Collection entries
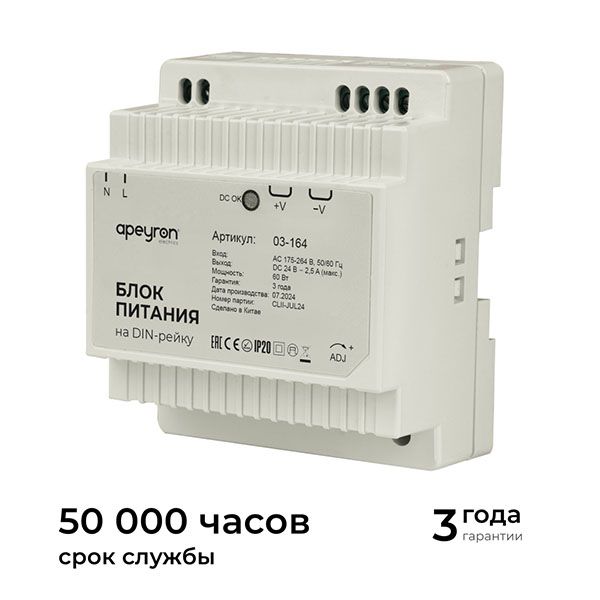 Блок питания (AC-DC) 24V 60W 03-164 Apeyron на din рейку
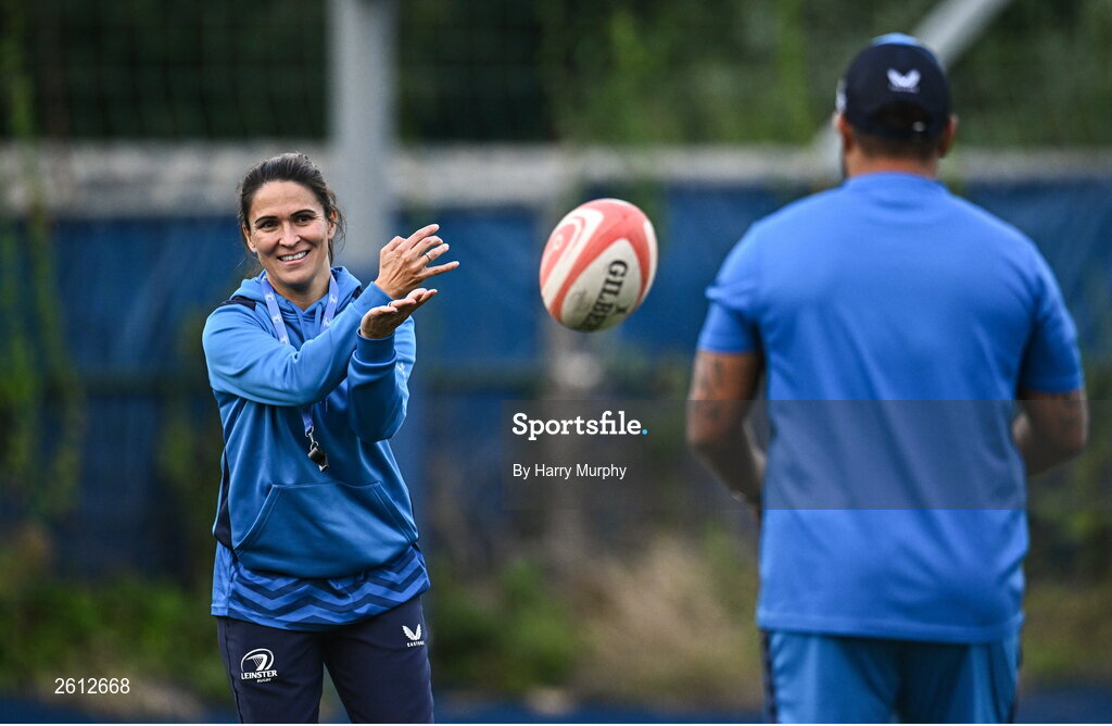 30 August 2023; Head coach Tania Rosser during a Leinster rugby women's squad training session at Energia Park in Dublin. Photo by Harry Murphy/Sportsfile
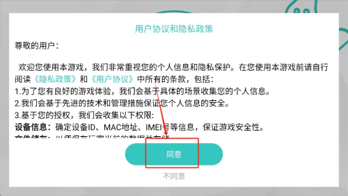 1、阅读并同意用户协议和隐私政策,点击“同意”按钮以接受条款并开始游戏。
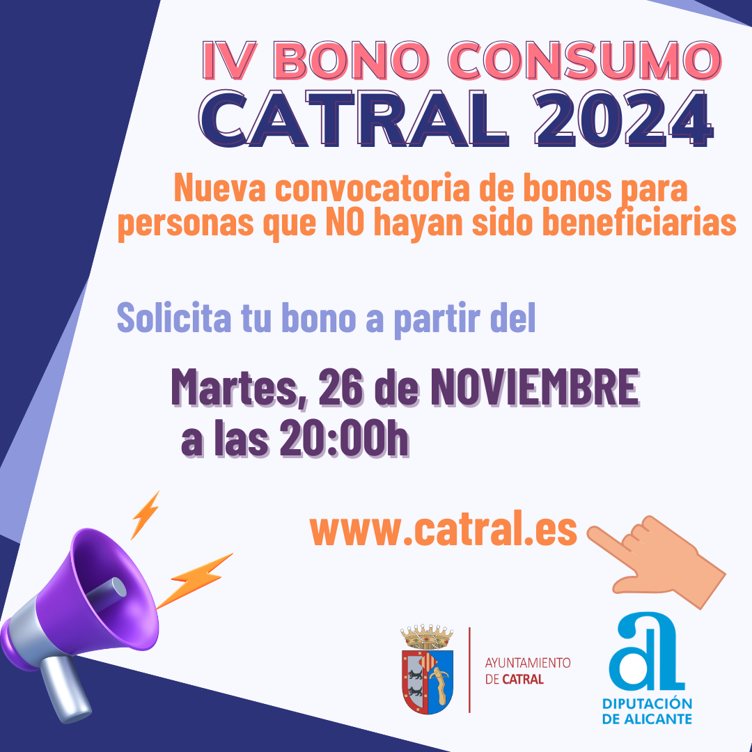 𝐈𝐕 𝐁𝐎𝐍𝐎 𝐂𝐎𝐍𝐒𝐔𝐌𝐎 𝐂𝐀𝐓𝐑𝐀𝐋 𝟐𝟎𝟐𝟒¡Nueva convocatoria para aprovechar los bonos consumo en Catral!
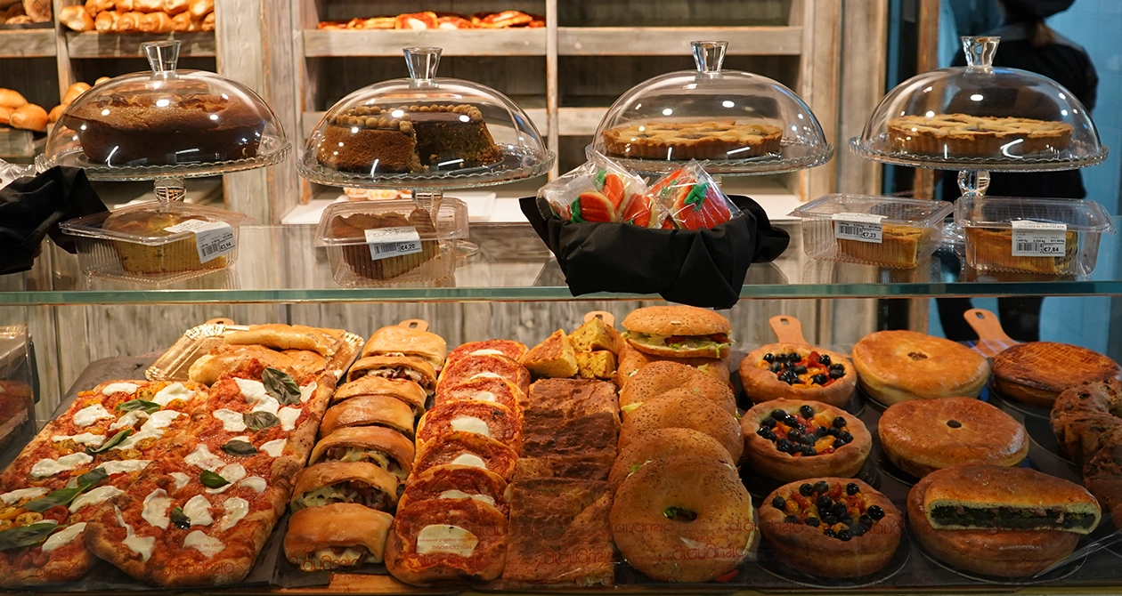 Alla Bakery Grangusto, gesti antichi e passione contemporanea guidano impasti che rispettano il tempo: attesa, lievitazione e cottura lenta. Farine selezionate, lievito madre e lavorazione a mano; cottura su pietra in forni a legna per fragranza e leggerezza. Pane dalle croste dorate, dal bianco all’Altamura e varianti di stagione; pizza leggera con lunghe lievitazioni e alta digeribilità. // Nella nostra bakery trovi impasti soffici, bordo dorato e superfici lucide d’olio buono.
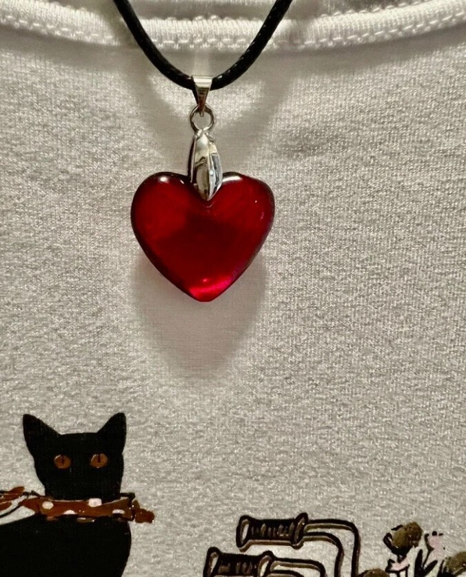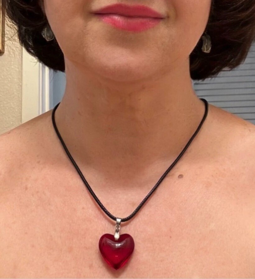 Red Glass Small Heart Necklace Deep Red Puffy Heart Pendant Valentines Day
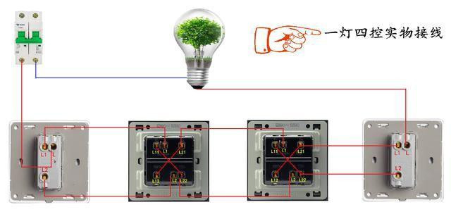 四個(gè)開(kāi)關(guān)控制一盞燈:大家看四控與三控最大區(qū)別就的中間有兩個(gè)多空開(kāi)關(guān),如果我們要接9個(gè)開(kāi)關(guān)控制一盞燈,那么兩邊開(kāi)關(guān)三開(kāi)雙控,中間加單開(kāi)多控就可以,無(wú)論多少控制就多加幾個(gè)多空開(kāi)關(guān)。
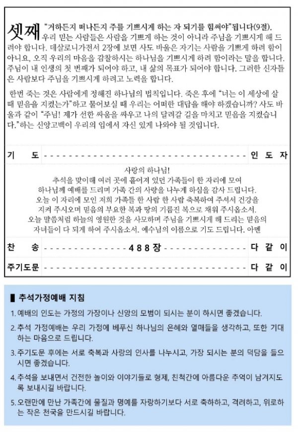 2017년 추석 가정예배 순서지
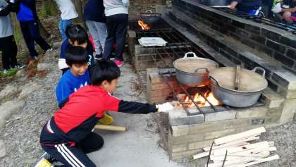 午後2時からは、今日の夕食を兼ねるカレーライス作りです。野外での調理に子どもたちは悪戦苦闘。でも、おいしいカレーライスができました。
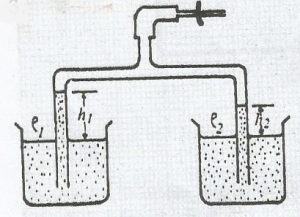 The diagram above illustrates a Hare’s apparatus. \(\mathit{e}_1, \mathit{e}_2\) represent densities and \(\mathit{h}_1, \mathit{h}_2\) heights of columns of liquids. Which of the following equations is correct?
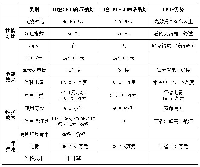 深圳沙井某房地產(chǎn)建筑工地項(xiàng)目,原計劃采用10套3500W高壓鈉燈,更換LED燈具后與高壓鈉燈節(jié)能對比表:
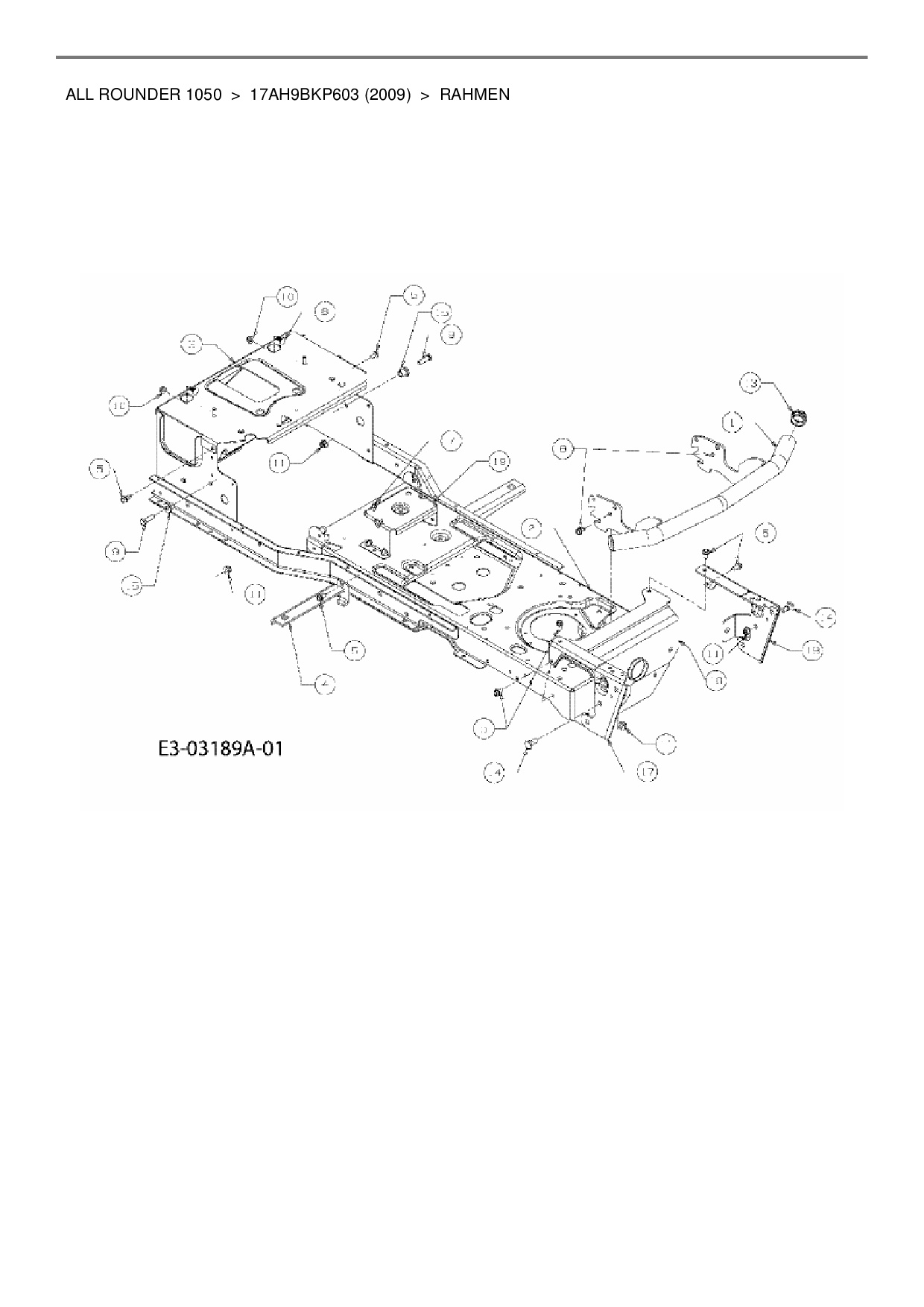 Ersatzteile für Zero Turn Cub Cadet All Rounder 1050 aus der Zeichnung Rahmen:

Prompt = Look above for the line with "2017년 추석 가정예배 순서지", then print it and each line after it down to and including the line with "午後2時からは、今日の夕食を". Leave out the pictures and keep the wording exact.

Answer box =
 2017년 추석 가정예배 순서지
 午後2時からは、今日の夕食を兼ねるカレーライス作りです。野外での調理に子どもたちは悪戦苦闘。でも、おいしいカレーライスができました。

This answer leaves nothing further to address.